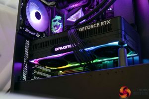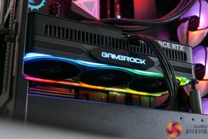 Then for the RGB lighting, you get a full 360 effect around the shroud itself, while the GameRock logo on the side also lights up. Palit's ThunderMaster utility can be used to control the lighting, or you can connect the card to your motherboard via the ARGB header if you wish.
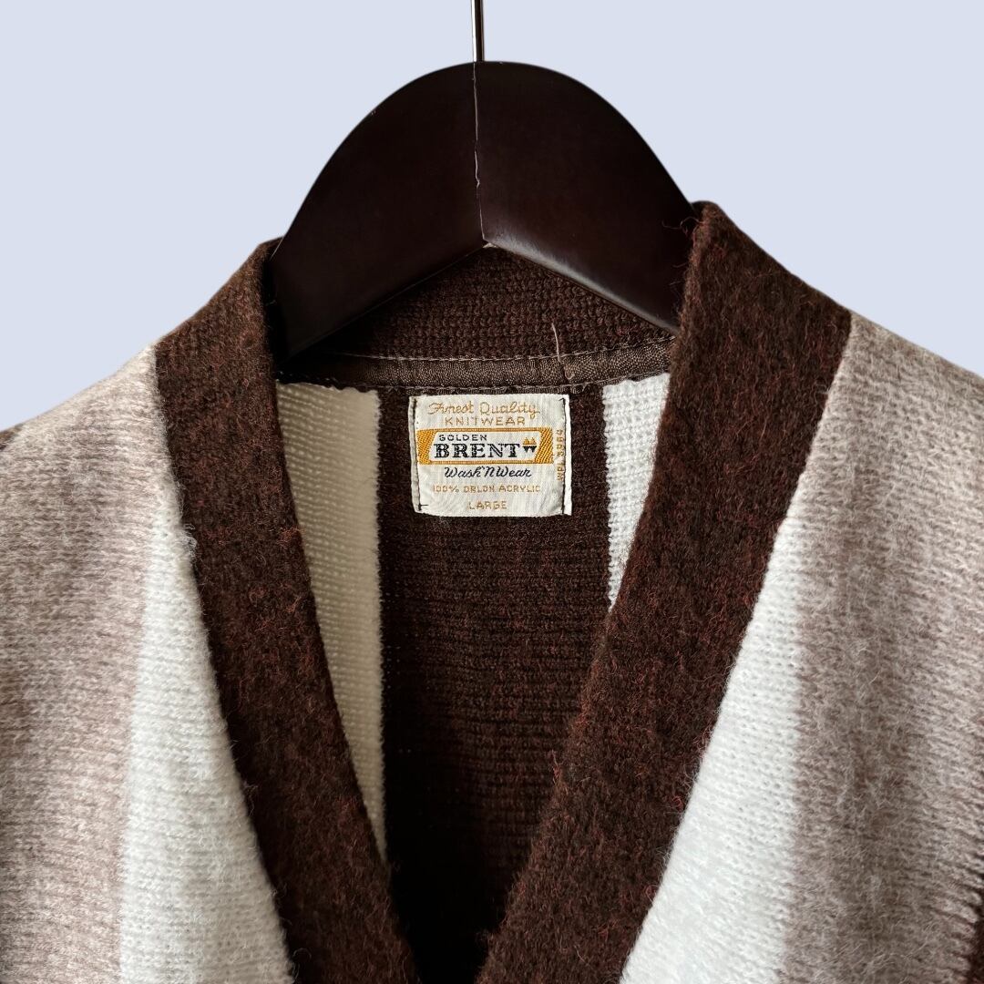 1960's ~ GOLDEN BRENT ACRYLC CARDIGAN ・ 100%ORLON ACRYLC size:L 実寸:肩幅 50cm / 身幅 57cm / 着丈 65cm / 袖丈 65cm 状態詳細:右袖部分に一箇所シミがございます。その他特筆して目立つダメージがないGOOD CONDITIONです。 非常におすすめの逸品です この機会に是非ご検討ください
--
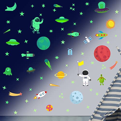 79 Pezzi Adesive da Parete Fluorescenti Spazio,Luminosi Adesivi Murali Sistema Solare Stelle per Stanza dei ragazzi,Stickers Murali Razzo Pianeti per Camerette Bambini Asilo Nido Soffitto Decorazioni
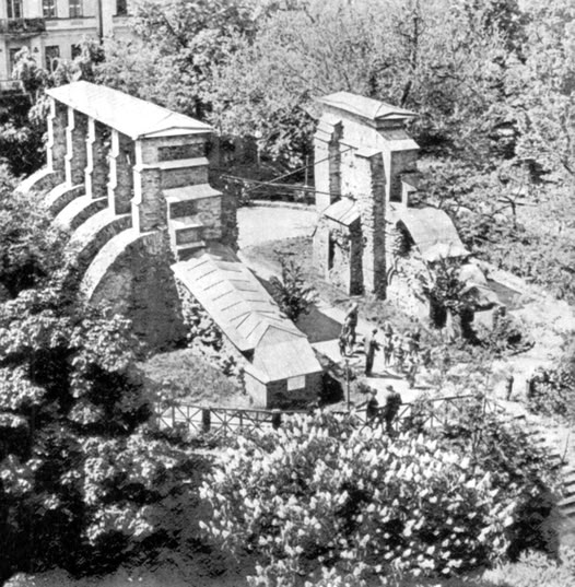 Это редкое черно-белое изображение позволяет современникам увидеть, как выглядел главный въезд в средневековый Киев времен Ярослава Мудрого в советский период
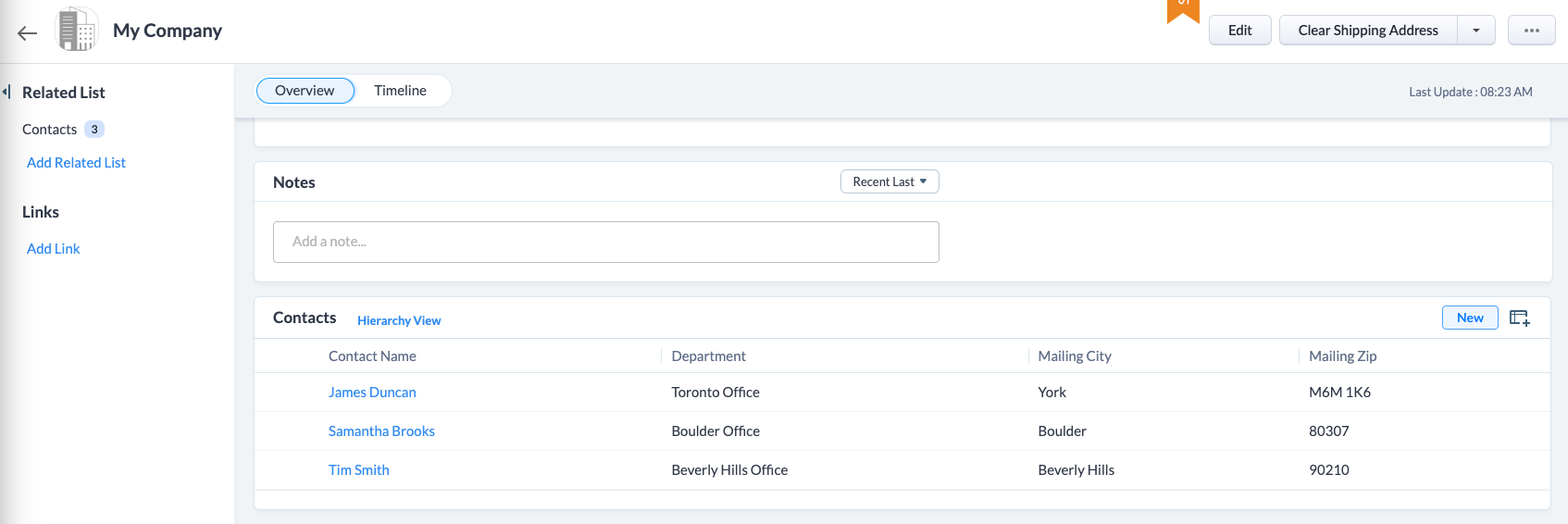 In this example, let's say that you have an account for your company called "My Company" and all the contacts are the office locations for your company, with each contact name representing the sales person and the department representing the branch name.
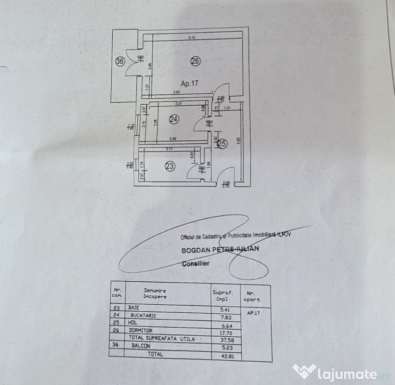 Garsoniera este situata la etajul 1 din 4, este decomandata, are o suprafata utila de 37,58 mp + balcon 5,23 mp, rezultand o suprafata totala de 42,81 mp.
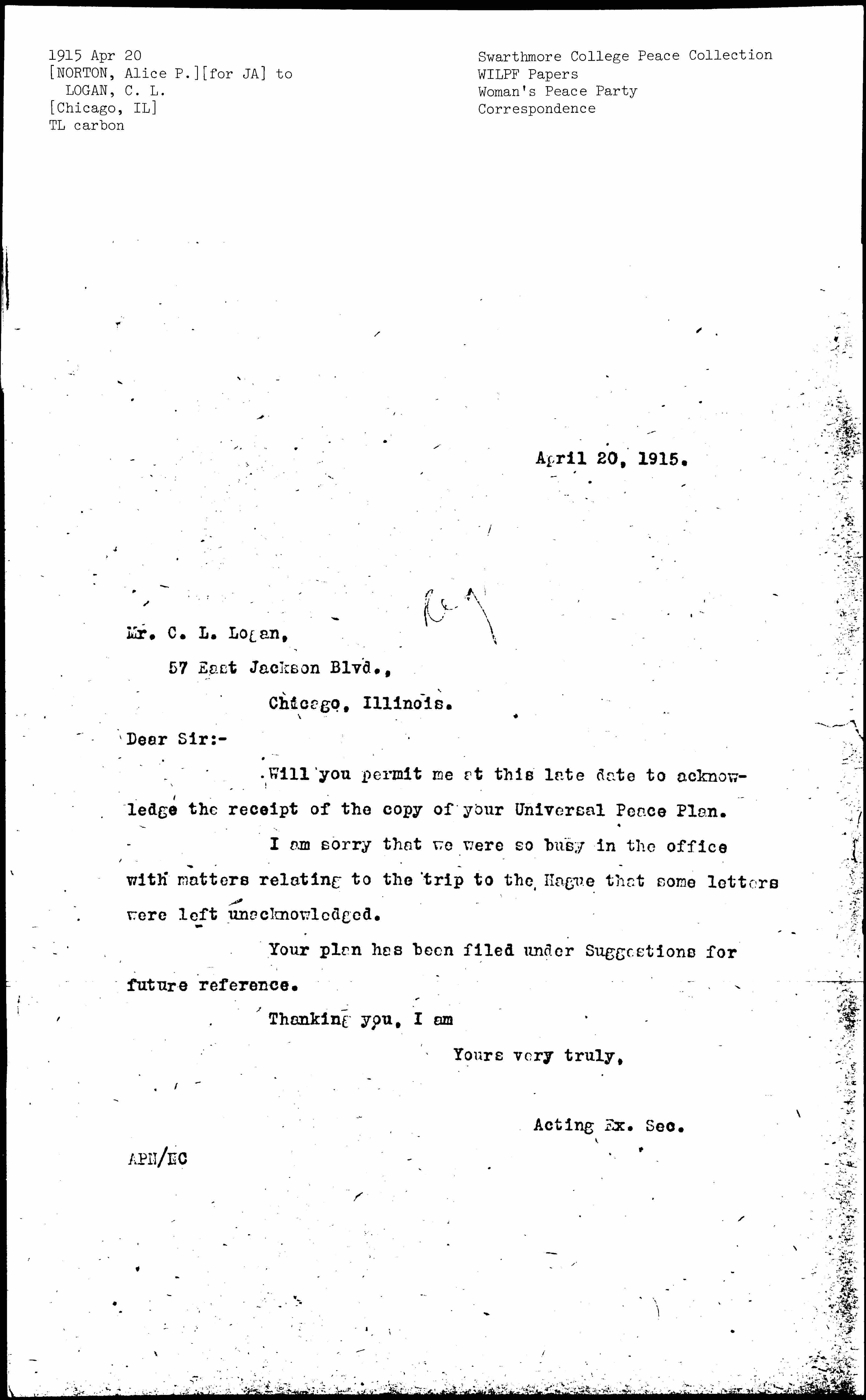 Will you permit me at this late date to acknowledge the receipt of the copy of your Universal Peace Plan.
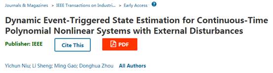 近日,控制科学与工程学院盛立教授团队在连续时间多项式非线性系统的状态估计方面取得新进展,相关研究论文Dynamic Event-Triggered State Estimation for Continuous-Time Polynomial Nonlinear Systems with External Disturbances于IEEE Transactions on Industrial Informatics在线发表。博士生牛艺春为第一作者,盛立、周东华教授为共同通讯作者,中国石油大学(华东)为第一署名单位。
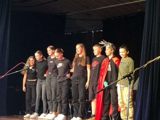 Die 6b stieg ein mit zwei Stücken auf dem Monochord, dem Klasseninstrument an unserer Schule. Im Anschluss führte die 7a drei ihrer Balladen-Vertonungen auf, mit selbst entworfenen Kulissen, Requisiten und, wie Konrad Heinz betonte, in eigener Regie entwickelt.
...
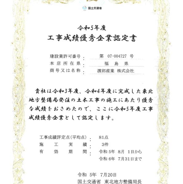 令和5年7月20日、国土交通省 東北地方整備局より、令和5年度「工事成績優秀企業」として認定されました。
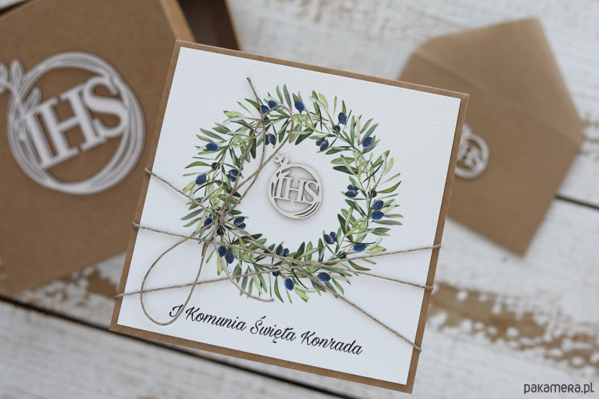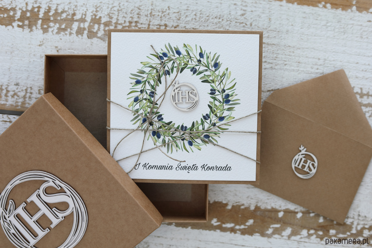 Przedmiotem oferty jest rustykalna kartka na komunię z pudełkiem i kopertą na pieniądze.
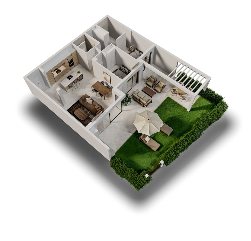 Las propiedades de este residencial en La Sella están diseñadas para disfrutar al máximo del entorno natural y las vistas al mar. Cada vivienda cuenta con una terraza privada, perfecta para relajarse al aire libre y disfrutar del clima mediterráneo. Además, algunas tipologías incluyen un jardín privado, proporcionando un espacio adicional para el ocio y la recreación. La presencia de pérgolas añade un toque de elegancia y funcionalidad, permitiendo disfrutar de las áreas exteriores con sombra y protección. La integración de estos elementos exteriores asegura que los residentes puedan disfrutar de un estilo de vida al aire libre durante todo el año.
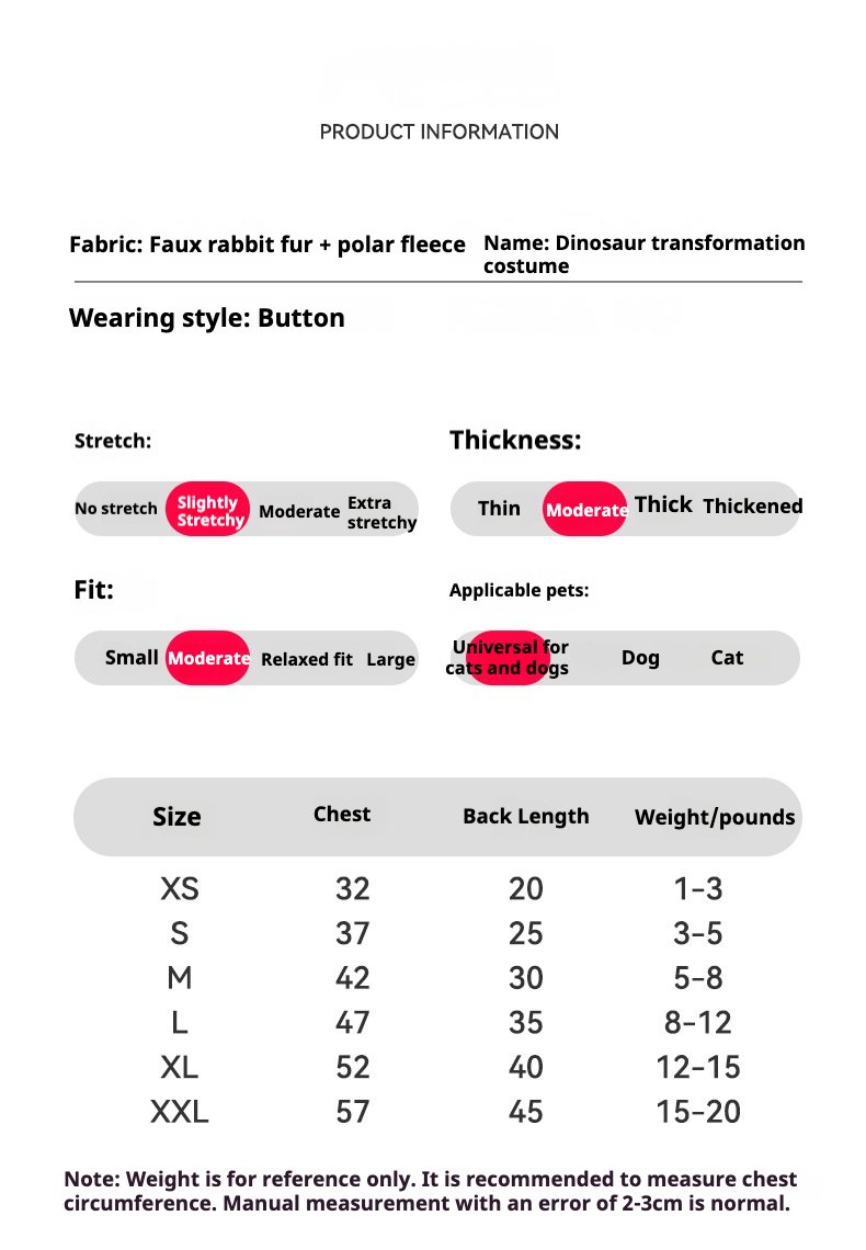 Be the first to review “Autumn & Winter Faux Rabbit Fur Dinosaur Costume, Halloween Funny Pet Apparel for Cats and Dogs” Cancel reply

§ **Task requirements**
Every line above in the stretch from the one with "Las propiedades de" through the one with "Be the first" is to be transcribed exactly, ends included. No picture is copied.

§ **Result for this exercise**
 Las propiedades de este residencial en La Sella están diseñadas para disfrutar al máximo del entorno natural y las vistas al mar. Cada vivienda cuenta con una terraza privada, perfecta para relajarse al aire libre y disfrutar del clima mediterráneo. Además, algunas tipologías incluyen un jardín privado, proporcionando un espacio adicional para el ocio y la recreación. La presencia de pérgolas añade un toque de elegancia y funcionalidad, permitiendo disfrutar de las áreas exteriores con sombra y protección. La integración de estos elementos exteriores asegura que los residentes puedan disfrutar de un estilo de vida al aire libre durante todo el año.
 Be the first to review “Autumn & Winter Faux Rabbit Fur Dinosaur Costume, Halloween Funny Pet Apparel for Cats and Dogs” Cancel reply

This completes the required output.